Agents accumulate context across sessions through a two-layer persistent memory system: automatic context injection at startup, and explicit tools for reading and writing memory during a session.
LLM conversations are ephemeral. When a session ends, everything the agent learned — decisions made, strategies discussed, user preferences discovered — vanishes. Session replay (resuming old conversations) solves continuity within a single thread, but agents need to carry forward distilled knowledge across unrelated sessions.
The memory system gives agents a persistent scratch space they control. No automatic summarization, no RAG pipeline, no hidden magic. The agent decides what matters enough to remember and writes it to disk. What's on disk survives. What isn't doesn't.
At startup, the harness checks for CONTEXT.md in the agent's memory directory. If present, its contents are injected into the system prompt:
[Agent identity — IDENTITY.md]
[Persistent memory — CONTEXT.md, if present]
[Current date, time, timezone]
[Workspace path]
[Environment onboarding]
[Verification protocol]
[Session continuity]
[Sub-agent coordination]
The agent sees this context immediately — no tool call needed. This is the "what you already know" layer. A fresh agent with no CONTEXT.md starts with a blank slate. An experienced agent starts with accumulated knowledge.
During a session, agents have five tools for managing memory:
| Tool | Purpose |
|---|---|
memory_read |
Read any file from the memory directory |
memory_write |
Write or overwrite a memory file |
memory_replace |
Surgical string replacement (must be unique match) |
memory_insert |
Insert text at a specific line |
memory_list |
List all memory files |
These are standard MCP tools — the agent discovers them at runtime like any other tool. Nothing about the memory system is hardcoded into agent definitions.
~/.mastersof-ai/agents/{name}/memory/
├── CONTEXT.md — Primary memory (auto-loaded into system prompt)

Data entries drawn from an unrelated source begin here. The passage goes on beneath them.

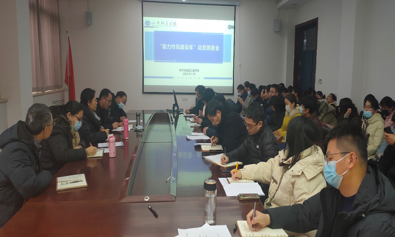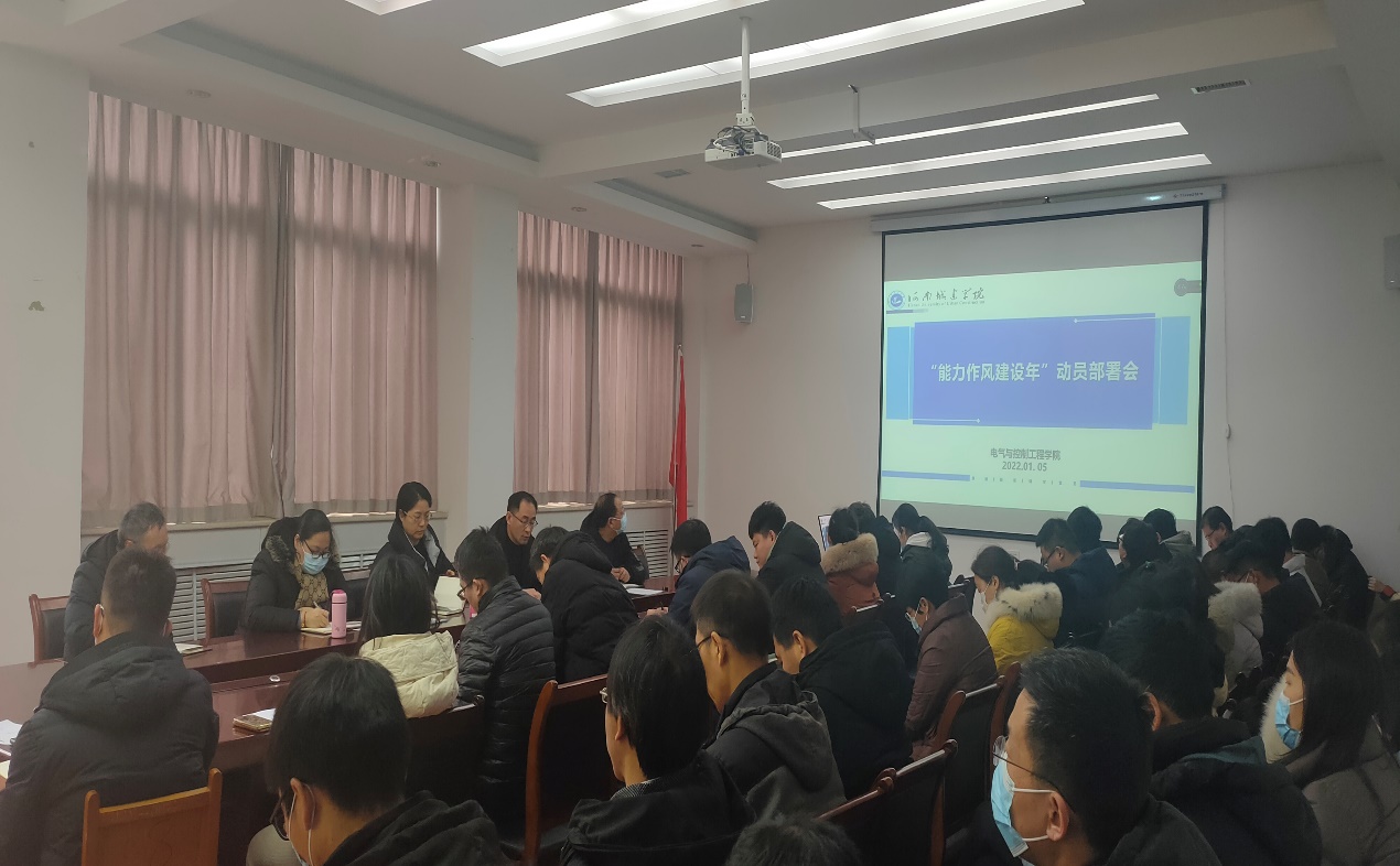 (通讯员 王旭红)1月5日下午,电气与控制工程学院在二号楼B313召开“能力作风建设年”动员部署会,学院党委书记杜留记作动员讲话,学院领导班子、全体教职工参加了会议。
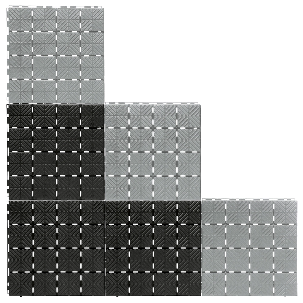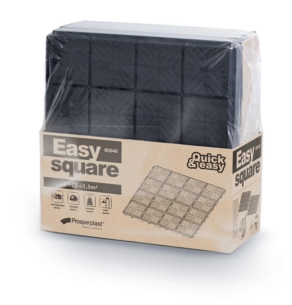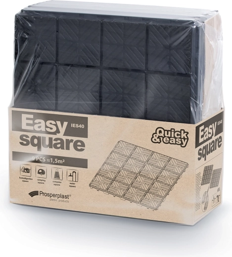 De modulaire tegels EASY SQUARE 40 × 40 cm zijn een veelzijdige oplossing voor terras, balkon, rond het zwembad en de garage. Dankzij het kliksysteem zijn ze snel te leggen en te demonteren, ze zijn anti-slip, vorstbestendig en bestand tegen vocht. Een verpakking van 9 stuks bedekt 1,5 m² en de zwarte kleur laat zich gemakkelijk combineren met elke stijl.
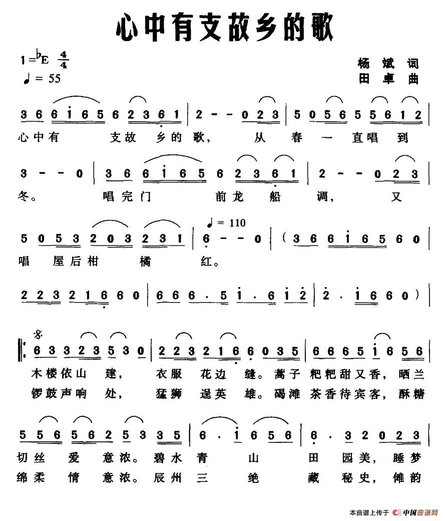 关于《心中有支故乡的歌》曲谱的评论
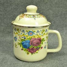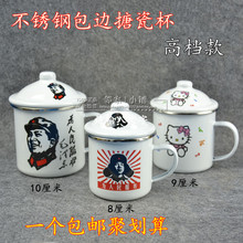包邮加厚老式搪瓷带盖13cm大号复古怀旧铁茶缸子10CM有盖搪瓷水杯
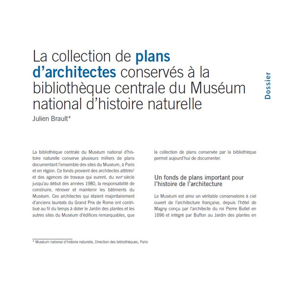 La collection de plans d'architectes conservée à la bibliothèque centrale du Muséum national d'Histoire naturelle
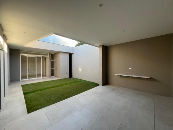 La casa está diseñada en un solo nivel, lo que brinda comodidad y fluidez entre sus áreas sociales. Al ingresar, te recibe un espacio abierto que integra sala, comedor y cocina con un diseño armonioso y moderno. La cocina está equipada con elegantes muebles y sobres de cuarzo blanco. Desde aquí, se accede a un encantador jardín privado, perfecto para relajarse al aire libre, tener una mascota o crear un pequeño oasis natural.

├── strategy.md — Whatever the agent decides to track
├── decisions.md — Whatever the agent decides to track
└── ... — No schema imposed
Memory is per-agent and fully isolated. The researcher agent's memory is separate from the analyst agent's memory. There's no shared memory across agents (by design — agents have different contexts and concerns).
Agent-controlled, not automatic. The harness never writes to memory on the agent's behalf. No auto-summarization at session end, no background indexing, no decay algorithms. The agent calls memory_write when it has something worth persisting, or it doesn't. This is deliberate:
- Agents know what's important in their domain better than a generic summarizer
- Explicit writes are debuggable — you can read the memory files and see exactly what persisted
- No surprise context pollution from bad auto-summaries
Files, not databases. Memory is plain markdown files on disk. You can read them, edit them, back them up, or delete them with standard tools. An agent's memory is inspectable and portable.
CONTEXT.md is the primary file, not the only file. Only CONTEXT.md is auto-loaded into the system prompt. But agents can create and read any number of additional memory files. This lets agents organize knowledge — keep the system prompt lean with high-level context in CONTEXT.md, and store detailed reference material in separate files they read on demand.
Memory tools are enabled by default. Disable them in ~/.mastersof-ai/config.yaml:
tools:
memory:
enabled: falseWhen disabled, memory tools are not registered as MCP servers. The CONTEXT.md auto-load still works — it's part of system prompt assembly, not the tool system.
| Approach | Tradeoff |
|---|---|
| Session replay (resume) | Preserves full context but only within one conversation thread |
| Auto-summarization | Convenient but lossy — the model decides what to compress, often badly |
| RAG / vector search | Good for large knowledge bases, overkill for agent working memory |
| Explicit memory tools (this system) | Agent decides what to persist, nothing is lost or hallucinated, fully inspectable |
The harness uses session replay and memory. They complement each other: resume a session for continuity within a thread, memory for knowledge that spans sessions.